- Flag
- Map of Guyana showing Upper Demerara-Berbice region
- Country: Guyana
- Regional Capital: Linden

Area
- • Total: 17,040 km^{2} (6,580 sq mi)

Population (2022 census)
- • Total: 45,499
- • Density: 2.670/km^{2} (6.916/sq mi)

= Upper Demerara-Berbice =

Region of Guyana

Upper Demerara-Berbice (Region 10) is an administrative region of Guyana. It is spread over an area of 17040 km2. As per the 2022 census, it had a population of 45,499 inhabitants. Located in the central eastern part of the country, it is known as the gateway to the interior of the Guyana. The region is known for its significant bauxite deposits and its associated mining industry.

==Geography==
Upper Demerara-Berbice (Region 10) is one of the ten administrative regions of Guyana. It is located on the central eastern part of the country, and is the only region of Guyana that does not share an international border or coast. It is spread over an area of 17040 km2, and is known as the gateway to the interior of the Guyana. It is bound by the regions of Essequibo Islands-West Demerara, Demerara-Mahaica, Mahaica-Berbice, East Berbice-Corentyne, Potaro-Siparuni and Cuyuni-Mazaruni. Its administrative center and capital is at Linden. Its topography consists of largely clay and hilly sand regions. The region consists of several lakes formed by the rivers Essequibo, Demerara, and Berbice, which flow through the region.

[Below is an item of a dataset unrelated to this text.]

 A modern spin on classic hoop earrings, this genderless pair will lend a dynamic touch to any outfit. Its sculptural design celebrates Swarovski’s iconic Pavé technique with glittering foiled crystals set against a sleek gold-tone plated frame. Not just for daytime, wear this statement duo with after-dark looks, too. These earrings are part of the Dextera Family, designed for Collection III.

The region consists of the following settlements and villages:Christianburg, Cockatara, Hururu, Ituni, Kumaka, Kurupukari, Kwakwani, Linden, Mackenzie, Noitgedacht, Rockstone, Tacama, Watooka, and Wismar.

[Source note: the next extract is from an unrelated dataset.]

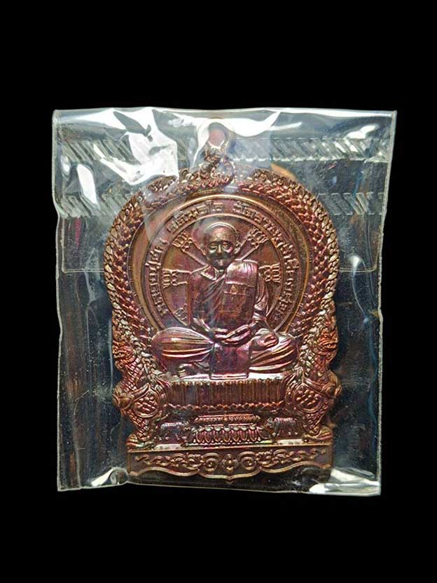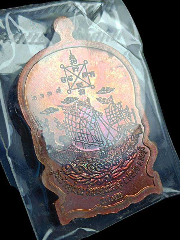 เหรียญนั่งพานสำเภาทอง หลวงปู่ฮก วัดราษฏร์เรืองสุข จ.ชลบุรี ปี 2558 (เนื้อทองแดงรมมันปู) ตอกโค้ต หมายเลข 2138 ซีลเดิม พร้อมกล่อง ผิวสวยๆ |

Located at an elevation of 46.39 m above sea level, the district has a tropical rainforest climate (Köppen climate classification: Af). The average annual temperature is 28.08 C. The district receives an average annual rainfall of 9.9 cm and has 219.1 average rainy days in a year.

==Economy==
Upper Demerara-Berbice has significant deposits of bauxite. The bauxite deposits are found in the White Sands, and are amongst the Guyana's largest. The people of the region are mainly employed by mining companies, Bermine and Linmine. The mined bauxite is exported for aluminum extraction. Other economic activities include livestock rearing, timber logging, and agriculture.

==Demographics==
As per the official census in 1980, Upper Demerara-Berbice had a population of 38,641 inhabitants. It increased to 39,608 and 41,112 in the 1991 and 2002 census respectively. As per the 2022 census, it had a population of 45,499 inhabitants.